Print every entry exactly as it appears, but skip the pictures.

Records excerpted from a collection
·····

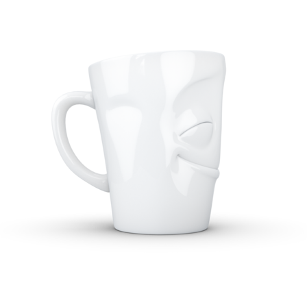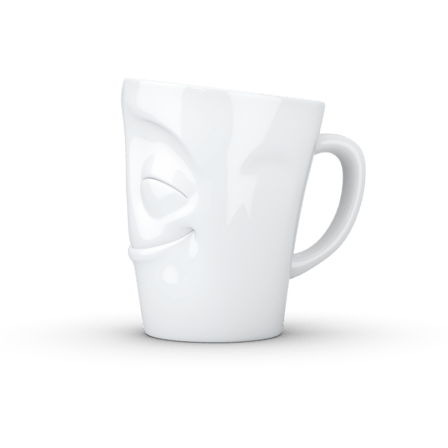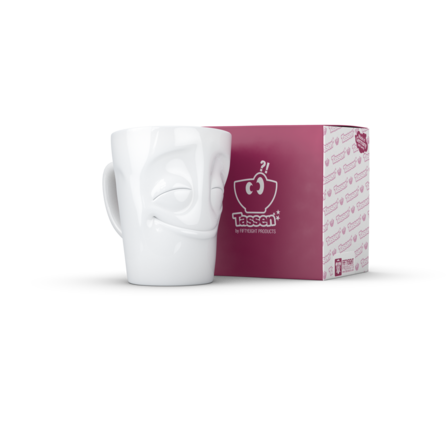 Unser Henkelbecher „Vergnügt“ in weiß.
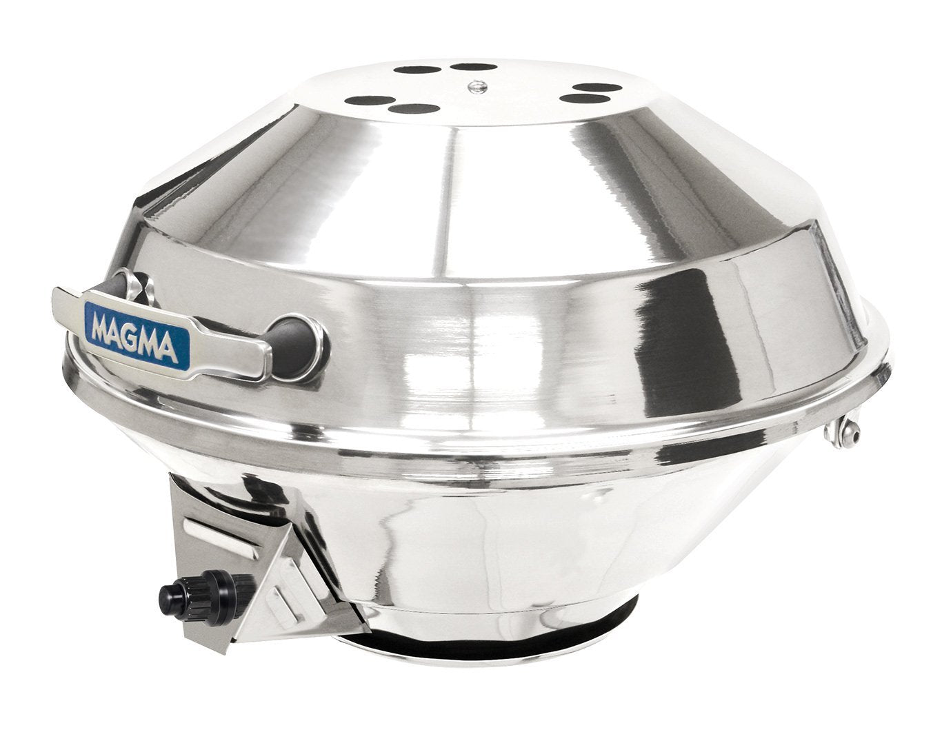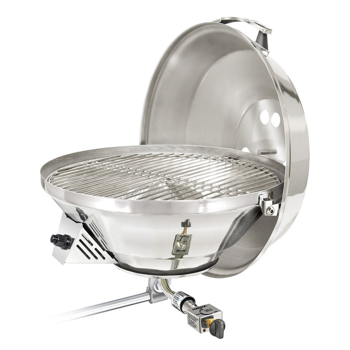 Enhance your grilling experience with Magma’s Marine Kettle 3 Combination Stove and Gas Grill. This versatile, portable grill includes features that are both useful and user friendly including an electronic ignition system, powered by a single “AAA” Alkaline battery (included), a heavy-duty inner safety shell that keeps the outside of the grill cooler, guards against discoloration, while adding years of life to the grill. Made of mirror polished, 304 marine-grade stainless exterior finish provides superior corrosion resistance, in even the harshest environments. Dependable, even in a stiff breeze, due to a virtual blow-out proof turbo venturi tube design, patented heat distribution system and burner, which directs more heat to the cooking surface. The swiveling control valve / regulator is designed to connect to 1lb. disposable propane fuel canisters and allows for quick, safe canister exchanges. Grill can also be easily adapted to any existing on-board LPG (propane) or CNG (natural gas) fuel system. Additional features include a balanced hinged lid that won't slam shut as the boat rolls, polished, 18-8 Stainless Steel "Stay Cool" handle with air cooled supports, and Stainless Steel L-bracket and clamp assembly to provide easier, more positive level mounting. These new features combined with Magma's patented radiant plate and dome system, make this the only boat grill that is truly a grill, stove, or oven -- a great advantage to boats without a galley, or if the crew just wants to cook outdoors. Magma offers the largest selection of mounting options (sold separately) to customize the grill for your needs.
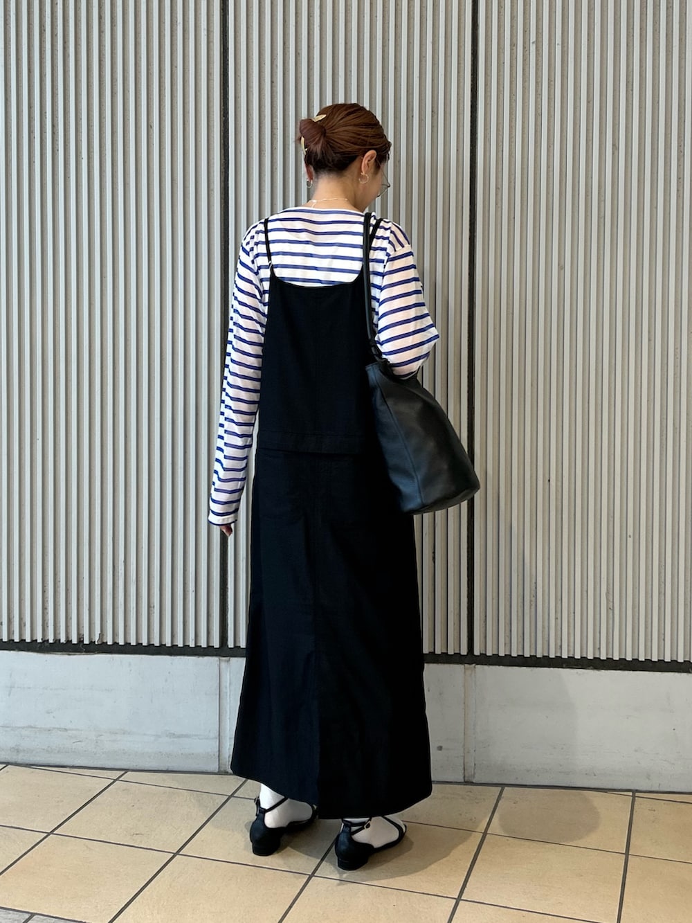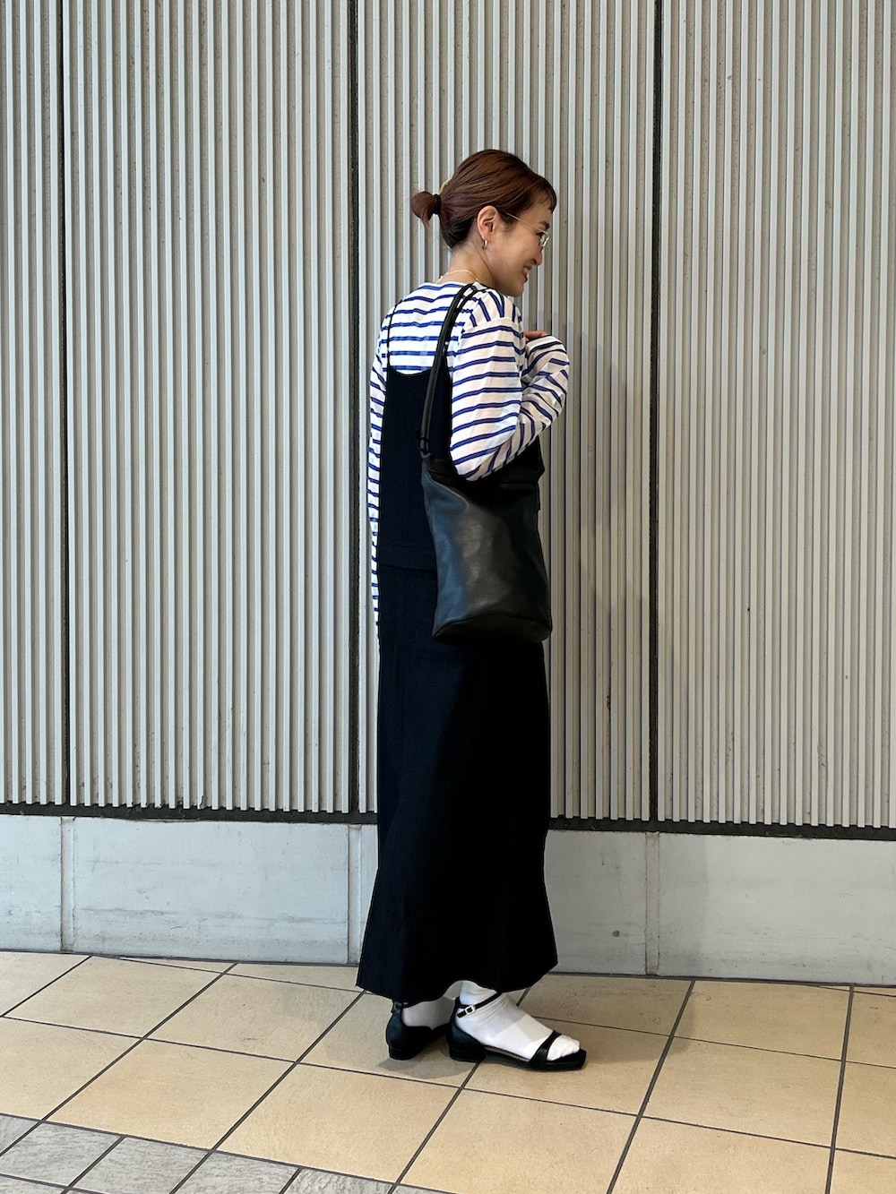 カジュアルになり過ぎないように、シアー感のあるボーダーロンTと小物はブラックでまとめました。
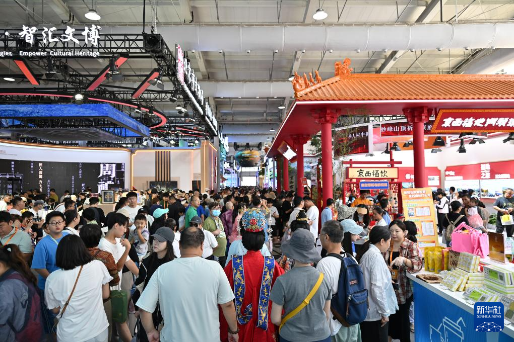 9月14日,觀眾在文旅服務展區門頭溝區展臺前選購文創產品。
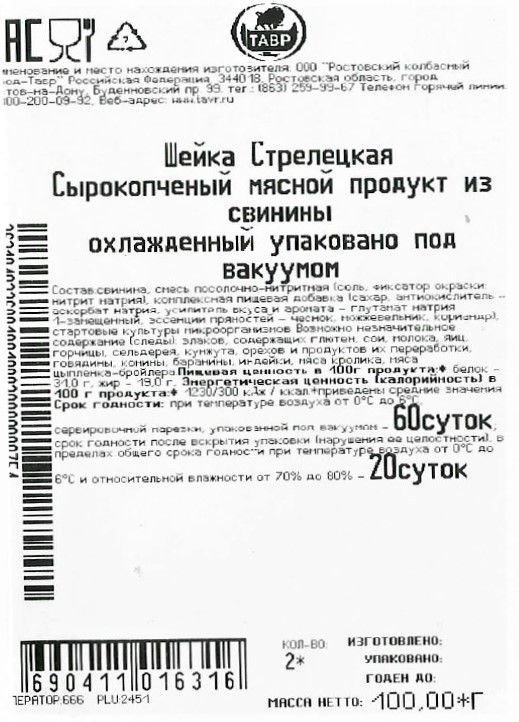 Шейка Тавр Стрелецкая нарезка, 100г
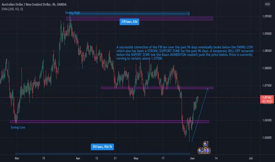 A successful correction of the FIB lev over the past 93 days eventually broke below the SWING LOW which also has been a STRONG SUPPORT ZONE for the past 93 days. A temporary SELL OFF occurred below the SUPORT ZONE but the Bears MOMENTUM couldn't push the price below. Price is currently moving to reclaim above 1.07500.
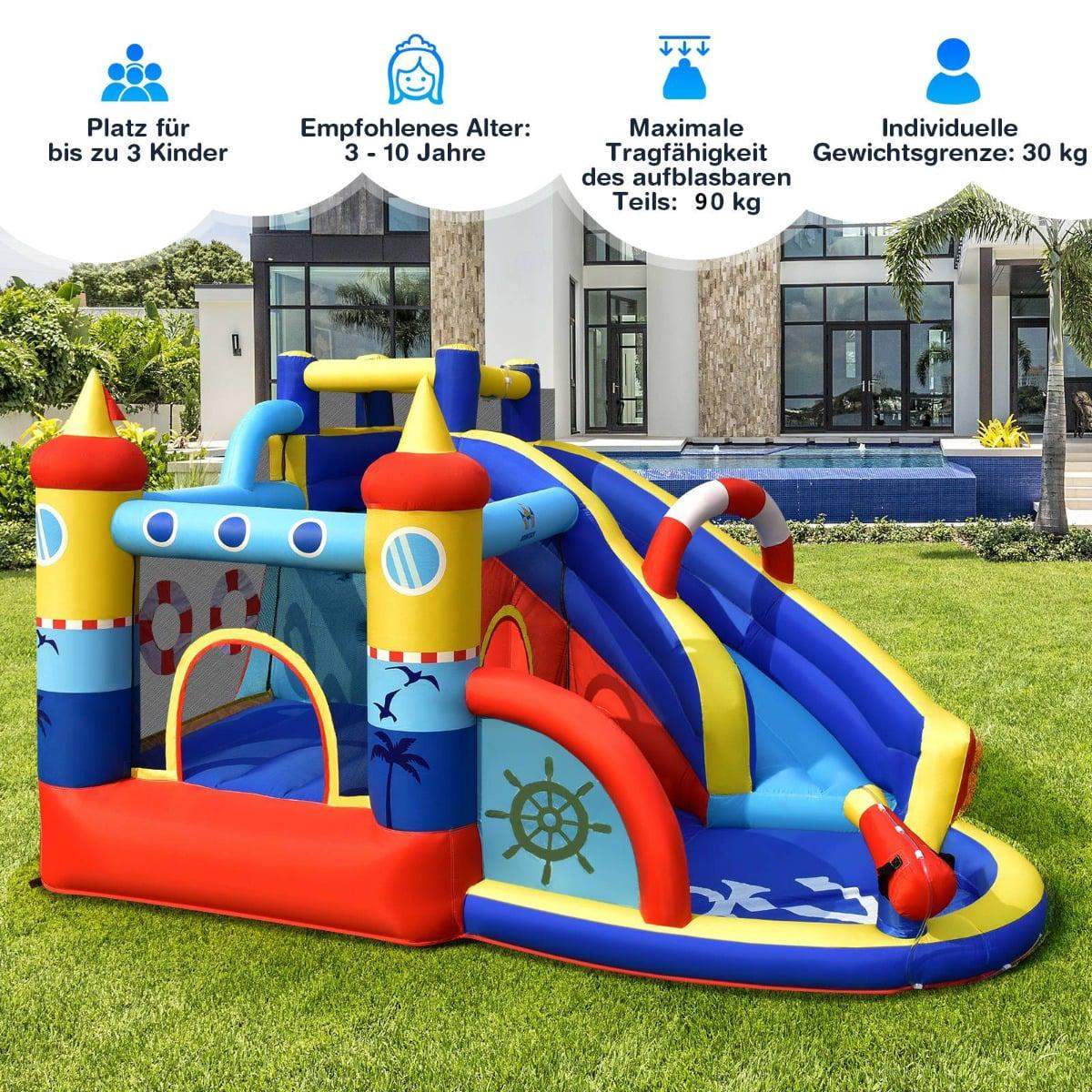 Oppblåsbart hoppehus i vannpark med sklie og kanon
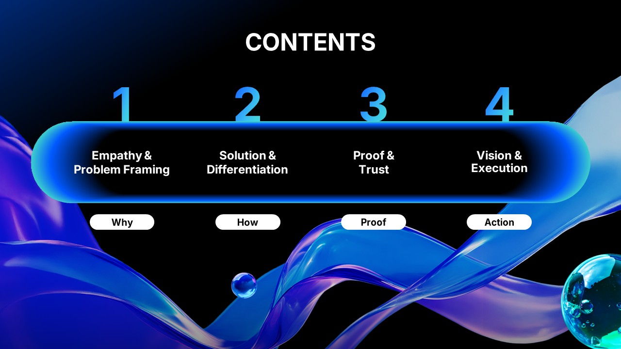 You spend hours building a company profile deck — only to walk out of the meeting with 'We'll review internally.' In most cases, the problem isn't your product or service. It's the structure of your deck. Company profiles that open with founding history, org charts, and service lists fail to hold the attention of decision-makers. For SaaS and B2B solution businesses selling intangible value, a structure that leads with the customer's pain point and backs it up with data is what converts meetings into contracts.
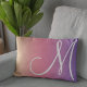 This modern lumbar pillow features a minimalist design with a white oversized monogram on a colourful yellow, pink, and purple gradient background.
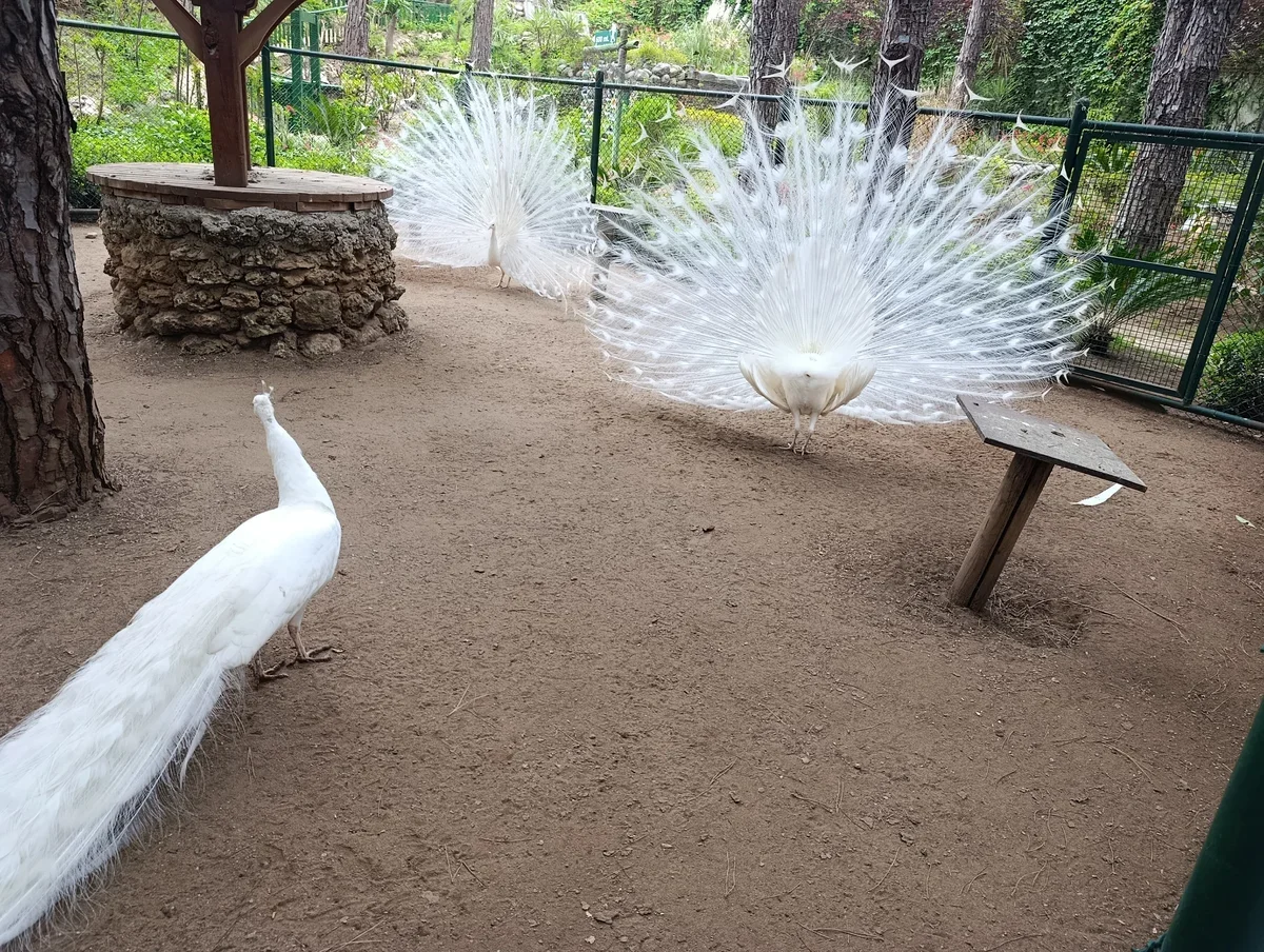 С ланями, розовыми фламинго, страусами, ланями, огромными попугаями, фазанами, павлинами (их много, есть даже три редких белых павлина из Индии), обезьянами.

·····

## Response area
 Unser Henkelbecher „Vergnügt“ in weiß.
 Enhance your grilling experience with Magma’s Marine Kettle 3 Combination Stove and Gas Grill. This versatile, portable grill includes features that are both useful and user friendly including an electronic ignition system, powered by a single “AAA” Alkaline battery (included), a heavy-duty inner safety shell that keeps the outside of the grill cooler, guards against discoloration, while adding years of life to the grill. Made of mirror polished, 304 marine-grade stainless exterior finish provides superior corrosion resistance, in even the harshest environments. Dependable, even in a stiff breeze, due to a virtual blow-out proof turbo venturi tube design, patented heat distribution system and burner, which directs more heat to the cooking surface. The swiveling control valve / regulator is designed to connect to 1lb. disposable propane fuel canisters and allows for quick, safe canister exchanges. Grill can also be easily adapted to any existing on-board LPG (propane) or CNG (natural gas) fuel system. Additional features include a balanced hinged lid that won't slam shut as the boat rolls, polished, 18-8 Stainless Steel "Stay Cool" handle with air cooled supports, and Stainless Steel L-bracket and clamp assembly to provide easier, more positive level mounting. These new features combined with Magma's patented radiant plate and dome system, make this the only boat grill that is truly a grill, stove, or oven -- a great advantage to boats without a galley, or if the crew just wants to cook outdoors. Magma offers the largest selection of mounting options (sold separately) to customize the grill for your needs.
 カジュアルになり過ぎないように、シアー感のあるボーダーロンTと小物はブラックでまとめました。
 9月14日,觀眾在文旅服務展區門頭溝區展臺前選購文創產品。
 Шейка Тавр Стрелецкая нарезка, 100г
 A successful correction of the FIB lev over the past 93 days eventually broke below the SWING LOW which also has been a STRONG SUPPORT ZONE for the past 93 days. A temporary SELL OFF occurred below the SUPORT ZONE but the Bears MOMENTUM couldn't push the price below. Price is currently moving to reclaim above 1.07500.
 Oppblåsbart hoppehus i vannpark med sklie og kanon
 You spend hours building a company profile deck — only to walk out of the meeting with 'We'll review internally.' In most cases, the problem isn't your product or service. It's the structure of your deck. Company profiles that open with founding history, org charts, and service lists fail to hold the attention of decision-makers. For SaaS and B2B solution businesses selling intangible value, a structure that leads with the customer's pain point and backs it up with data is what converts meetings into contracts.
 This modern lumbar pillow features a minimalist design with a white oversized monogram on a colourful yellow, pink, and purple gradient background.
 С ланями, розовыми фламинго, страусами, ланями, огромными попугаями, фазанами, павлинами (их много, есть даже три редких белых павлина из Индии), обезьянами.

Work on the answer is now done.